If you have a question about this talk, please contact Eiko Yoneki.

MapReduce and its variants have been highly successful in implementing large-scale data-intensive applications on commodity clusters. However, most of these systems are built around an acyclic data flow model that is not suitable for a wide array of popular use cases including many iterative machine learning algorithms. We present Spark, a framework optimized for iterative jobs, where a dataset is reused across multiple parallel operations without sacrificing the scalability and fault tolerance of MapReduce. To achieve these goals, Spark introduces an abstraction called resilient distributed datasets (RDDs) based on the concept of data lineage. Spark provides a functional programming model similar to MapReduce, but also lets users hint for data to be cached between iterations, leading to up to 10x better performance than Hadoop on some jobs. Spark also makes programming jobs easy by integrating cleanly into the Scala programming language (a high-level language on the JVM ). Finally, the ability of Spark to load a dataset into memory and query it repeatedly makes it especially suitable for interactive analysis of big datasets. We have modified the Scala interpreter to make it possible to use Spark interactively in this manner, providing a significantly more responsive experience than Hive and Pig.

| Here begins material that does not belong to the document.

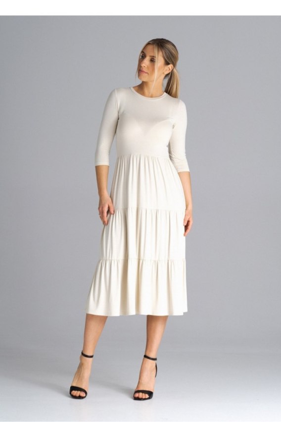 Sukienka midi z rękawem 3/4, w pasie dopasowana. Od pasa w dół trzy marszczone falbany. Sukienka zakładana przez głowę.
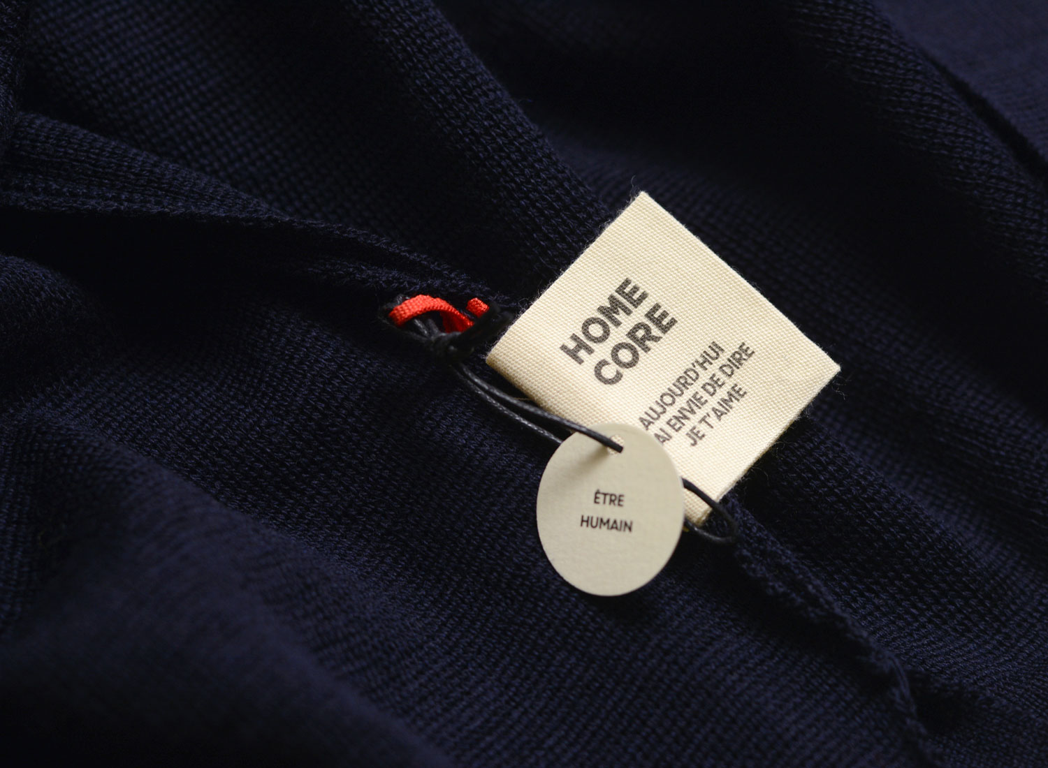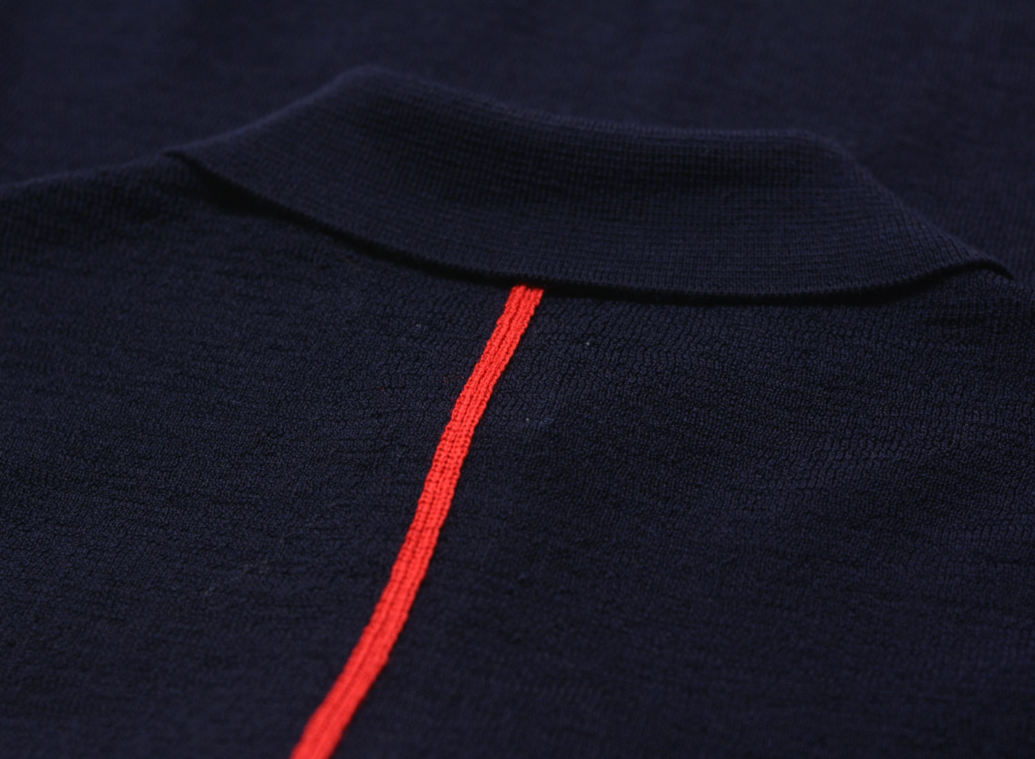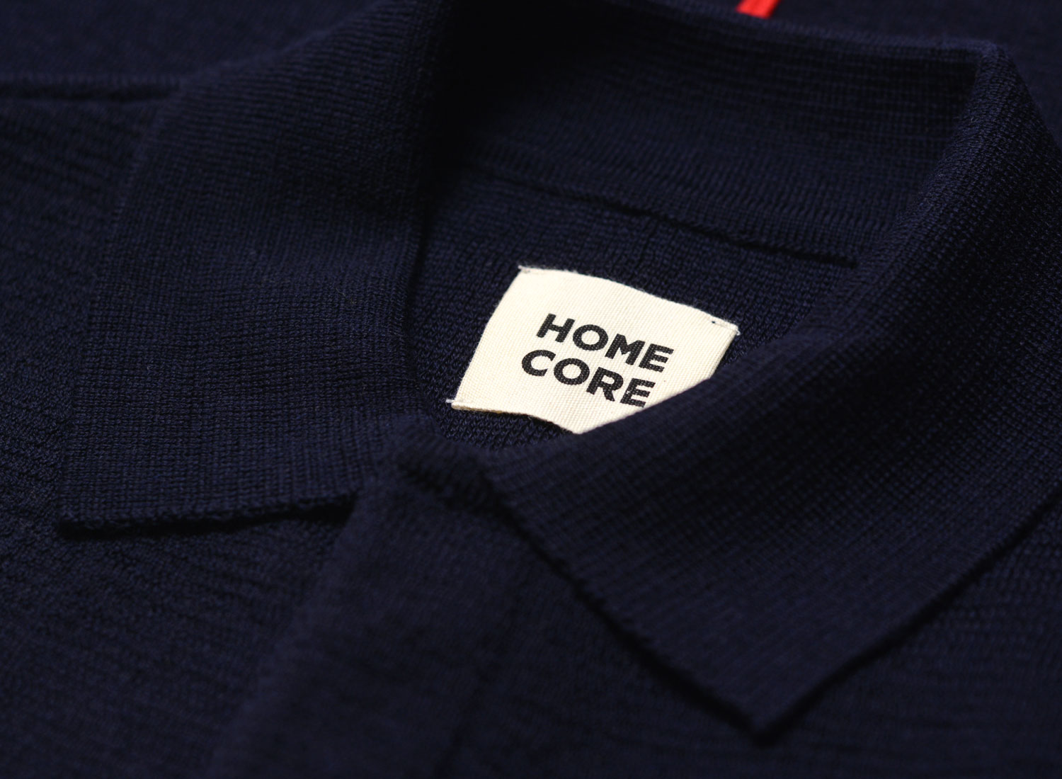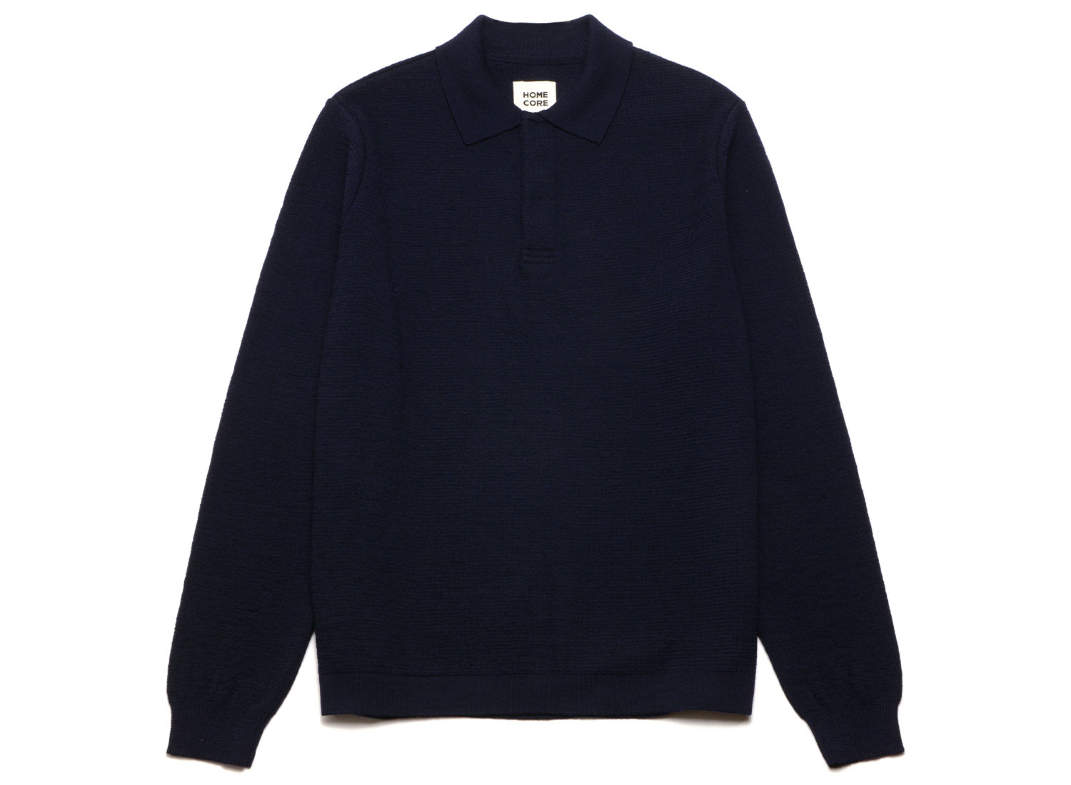 HOMECORE Nemesis Merino Wool Polo Navy. Regular fit long sleeve polo shirt made from 100% merino wool knit. Raglan sleeves. Ribbed cuffs and bottom. Hidden button placket. Red stitching on the back. Vents on sides.

Bio: Mosharaf Chowdhury is a Ph.D. student working with Prof. Ion Stoica in the RAD Lab at UC Berkeley. He recieved his B.Sc. in Computer Science and Engineering from Bangladesh University of Engineering and Technology and his M.Math in Computer Science from the University of Waterloo. His research interest is in large-scale data-parallel systems, data center networks, and network virtualization.

This talk is part of the Computer Laboratory Systems Research Group Seminar series.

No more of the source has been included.